▶ **Assignment**
When you repeat the entries below, please keep them exact and leave out the pictures.

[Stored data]
====
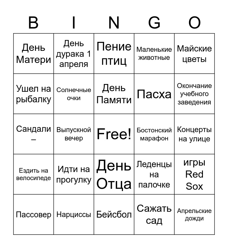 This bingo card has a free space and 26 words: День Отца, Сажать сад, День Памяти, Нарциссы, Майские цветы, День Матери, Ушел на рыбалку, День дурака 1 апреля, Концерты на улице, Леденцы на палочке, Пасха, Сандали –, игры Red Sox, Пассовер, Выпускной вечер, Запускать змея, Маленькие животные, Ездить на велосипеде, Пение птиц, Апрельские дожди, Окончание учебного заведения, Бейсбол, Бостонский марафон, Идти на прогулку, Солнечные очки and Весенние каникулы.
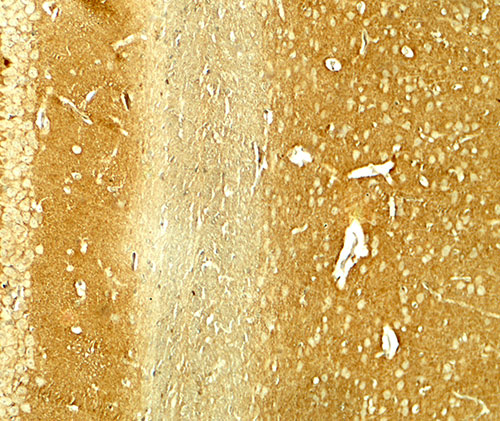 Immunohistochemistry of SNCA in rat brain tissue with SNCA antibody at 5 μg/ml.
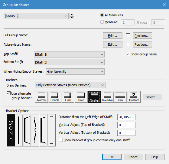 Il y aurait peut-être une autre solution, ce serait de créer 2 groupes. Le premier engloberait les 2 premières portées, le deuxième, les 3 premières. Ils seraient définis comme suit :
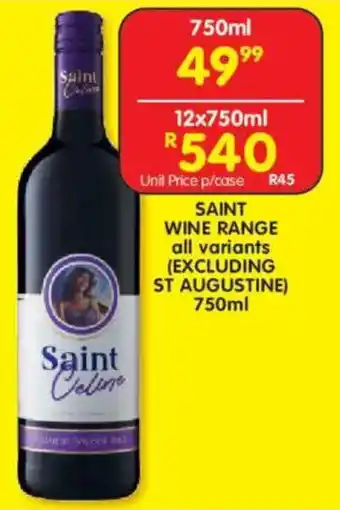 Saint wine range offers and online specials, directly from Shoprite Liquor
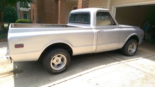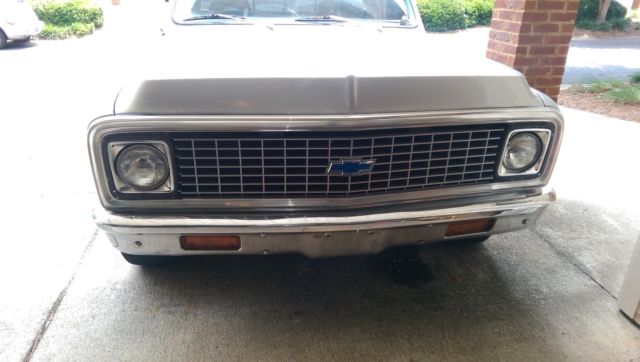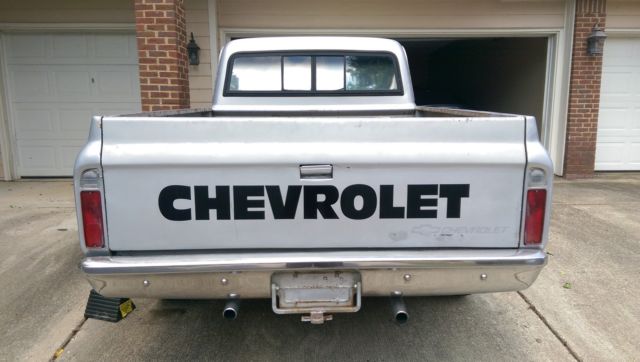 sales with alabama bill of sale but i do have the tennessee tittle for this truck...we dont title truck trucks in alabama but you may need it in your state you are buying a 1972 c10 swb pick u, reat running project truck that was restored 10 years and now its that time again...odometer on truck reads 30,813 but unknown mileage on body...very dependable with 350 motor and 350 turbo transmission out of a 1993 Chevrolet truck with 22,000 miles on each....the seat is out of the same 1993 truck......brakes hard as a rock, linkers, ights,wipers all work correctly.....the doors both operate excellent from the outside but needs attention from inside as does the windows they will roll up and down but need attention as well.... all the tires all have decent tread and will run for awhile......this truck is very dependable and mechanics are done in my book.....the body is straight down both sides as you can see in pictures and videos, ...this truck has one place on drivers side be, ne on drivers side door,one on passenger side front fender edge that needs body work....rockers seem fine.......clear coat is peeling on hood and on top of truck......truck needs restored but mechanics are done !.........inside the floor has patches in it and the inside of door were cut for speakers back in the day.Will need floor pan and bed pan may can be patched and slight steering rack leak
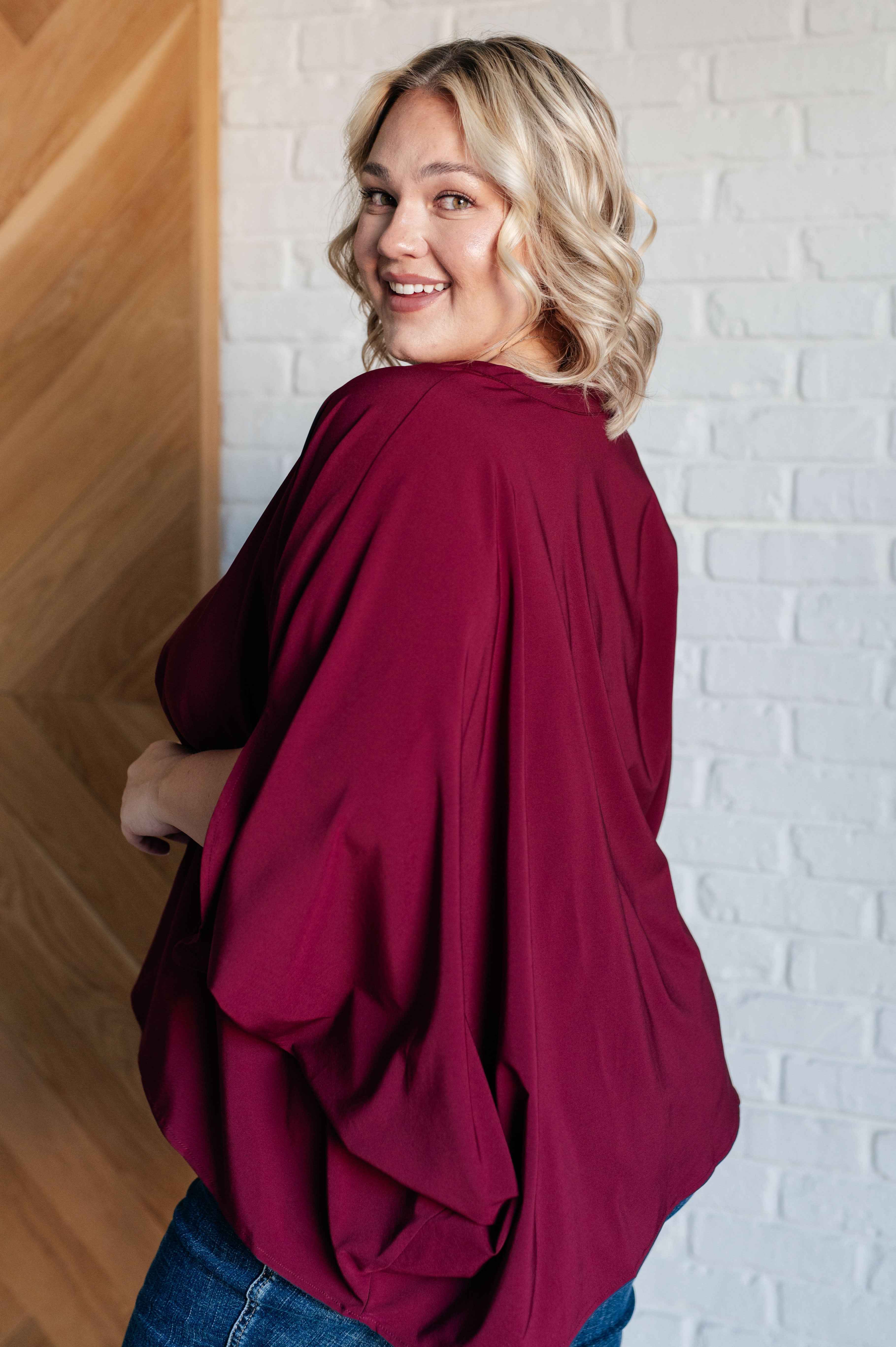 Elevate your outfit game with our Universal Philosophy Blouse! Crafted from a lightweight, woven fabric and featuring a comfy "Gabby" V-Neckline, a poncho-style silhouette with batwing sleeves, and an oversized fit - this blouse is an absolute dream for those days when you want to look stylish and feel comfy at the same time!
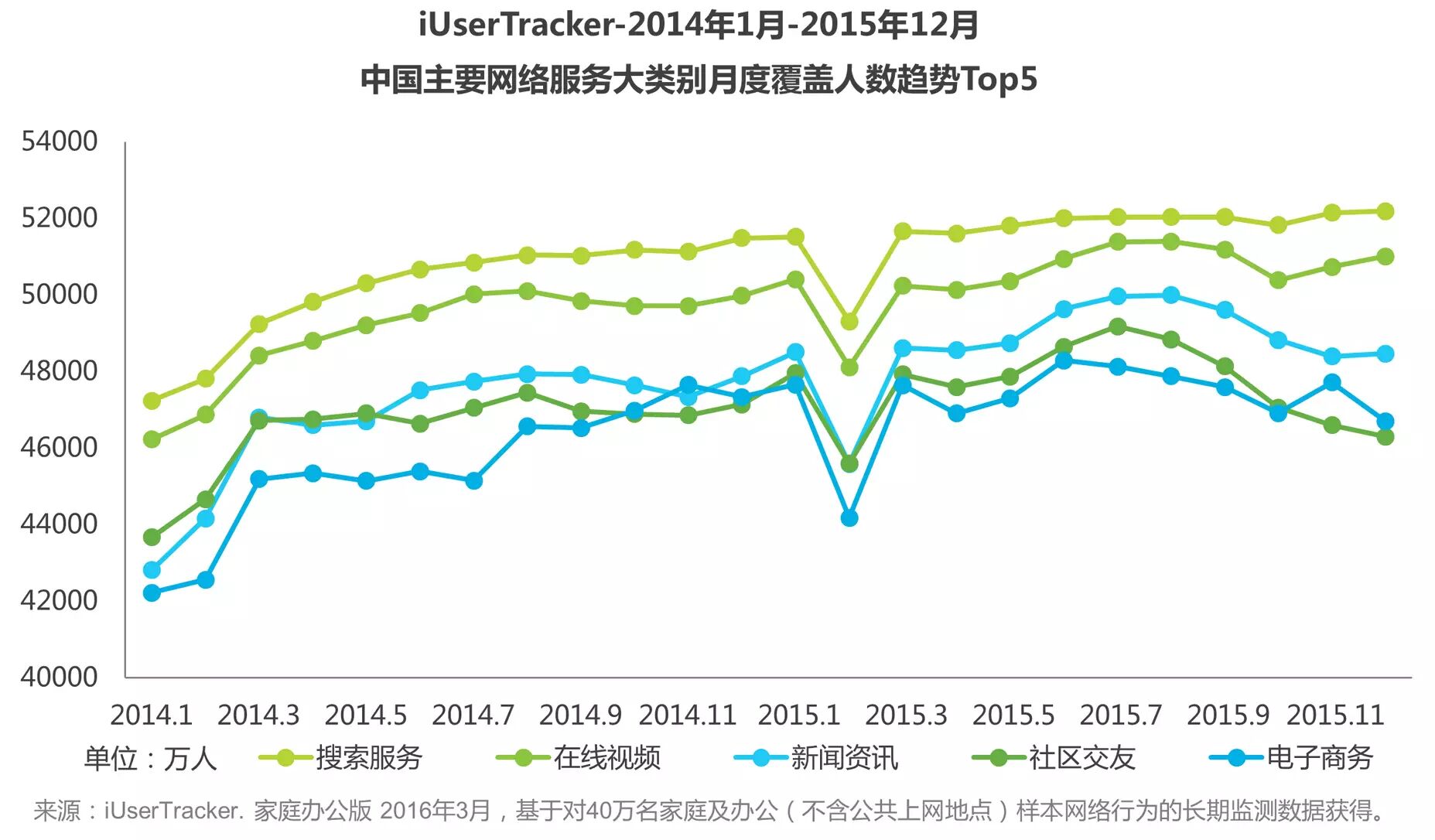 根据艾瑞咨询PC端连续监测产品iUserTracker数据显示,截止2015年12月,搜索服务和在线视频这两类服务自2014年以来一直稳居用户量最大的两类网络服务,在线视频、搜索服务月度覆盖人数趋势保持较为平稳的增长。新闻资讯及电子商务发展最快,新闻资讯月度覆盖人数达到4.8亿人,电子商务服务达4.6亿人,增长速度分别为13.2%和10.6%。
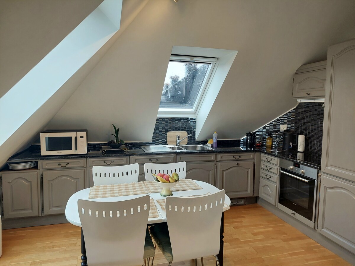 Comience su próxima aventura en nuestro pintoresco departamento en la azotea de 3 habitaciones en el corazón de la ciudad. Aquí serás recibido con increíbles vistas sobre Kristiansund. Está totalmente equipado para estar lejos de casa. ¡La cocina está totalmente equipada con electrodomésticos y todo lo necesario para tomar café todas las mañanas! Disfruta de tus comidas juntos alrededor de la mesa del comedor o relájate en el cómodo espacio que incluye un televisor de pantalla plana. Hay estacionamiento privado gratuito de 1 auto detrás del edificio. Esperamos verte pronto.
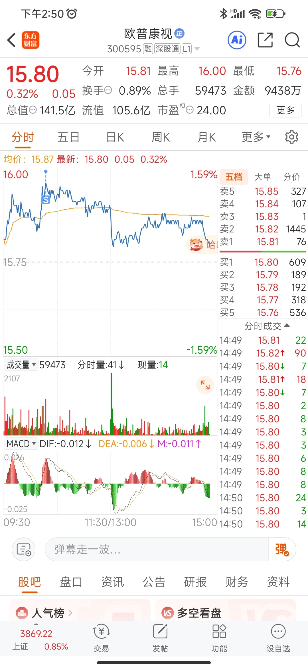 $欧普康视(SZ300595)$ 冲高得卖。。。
====
▶ **Result of the exercise**
 This bingo card has a free space and 26 words: День Отца, Сажать сад, День Памяти, Нарциссы, Майские цветы, День Матери, Ушел на рыбалку, День дурака 1 апреля, Концерты на улице, Леденцы на палочке, Пасха, Сандали –, игры Red Sox, Пассовер, Выпускной вечер, Запускать змея, Маленькие животные, Ездить на велосипеде, Пение птиц, Апрельские дожди, Окончание учебного заведения, Бейсбол, Бостонский марафон, Идти на прогулку, Солнечные очки and Весенние каникулы.
 Immunohistochemistry of SNCA in rat brain tissue with SNCA antibody at 5 μg/ml.
 Il y aurait peut-être une autre solution, ce serait de créer 2 groupes. Le premier engloberait les 2 premières portées, le deuxième, les 3 premières. Ils seraient définis comme suit :
 Saint wine range offers and online specials, directly from Shoprite Liquor
 sales with alabama bill of sale but i do have the tennessee tittle for this truck...we dont title truck trucks in alabama but you may need it in your state you are buying a 1972 c10 swb pick u, reat running project truck that was restored 10 years and now its that time again...odometer on truck reads 30,813 but unknown mileage on body...very dependable with 350 motor and 350 turbo transmission out of a 1993 Chevrolet truck with 22,000 miles on each....the seat is out of the same 1993 truck......brakes hard as a rock, linkers, ights,wipers all work correctly.....the doors both operate excellent from the outside but needs attention from inside as does the windows they will roll up and down but need attention as well.... all the tires all have decent tread and will run for awhile......this truck is very dependable and mechanics are done in my book.....the body is straight down both sides as you can see in pictures and videos, ...this truck has one place on drivers side be, ne on drivers side door,one on passenger side front fender edge that needs body work....rockers seem fine.......clear coat is peeling on hood and on top of truck......truck needs restored but mechanics are done !.........inside the floor has patches in it and the inside of door were cut for speakers back in the day.Will need floor pan and bed pan may can be patched and slight steering rack leak
 Elevate your outfit game with our Universal Philosophy Blouse! Crafted from a lightweight, woven fabric and featuring a comfy "Gabby" V-Neckline, a poncho-style silhouette with batwing sleeves, and an oversized fit - this blouse is an absolute dream for those days when you want to look stylish and feel comfy at the same time!
 根据艾瑞咨询PC端连续监测产品iUserTracker数据显示,截止2015年12月,搜索服务和在线视频这两类服务自2014年以来一直稳居用户量最大的两类网络服务,在线视频、搜索服务月度覆盖人数趋势保持较为平稳的增长。新闻资讯及电子商务发展最快,新闻资讯月度覆盖人数达到4.8亿人,电子商务服务达4.6亿人,增长速度分别为13.2%和10.6%。
 Comience su próxima aventura en nuestro pintoresco departamento en la azotea de 3 habitaciones en el corazón de la ciudad. Aquí serás recibido con increíbles vistas sobre Kristiansund. Está totalmente equipado para estar lejos de casa. ¡La cocina está totalmente equipada con electrodomésticos y todo lo necesario para tomar café todas las mañanas! Disfruta de tus comidas juntos alrededor de la mesa del comedor o relájate en el cómodo espacio que incluye un televisor de pantalla plana. Hay estacionamiento privado gratuito de 1 auto detrás del edificio. Esperamos verte pronto.
 $欧普康视(SZ300595)$ 冲高得卖。。。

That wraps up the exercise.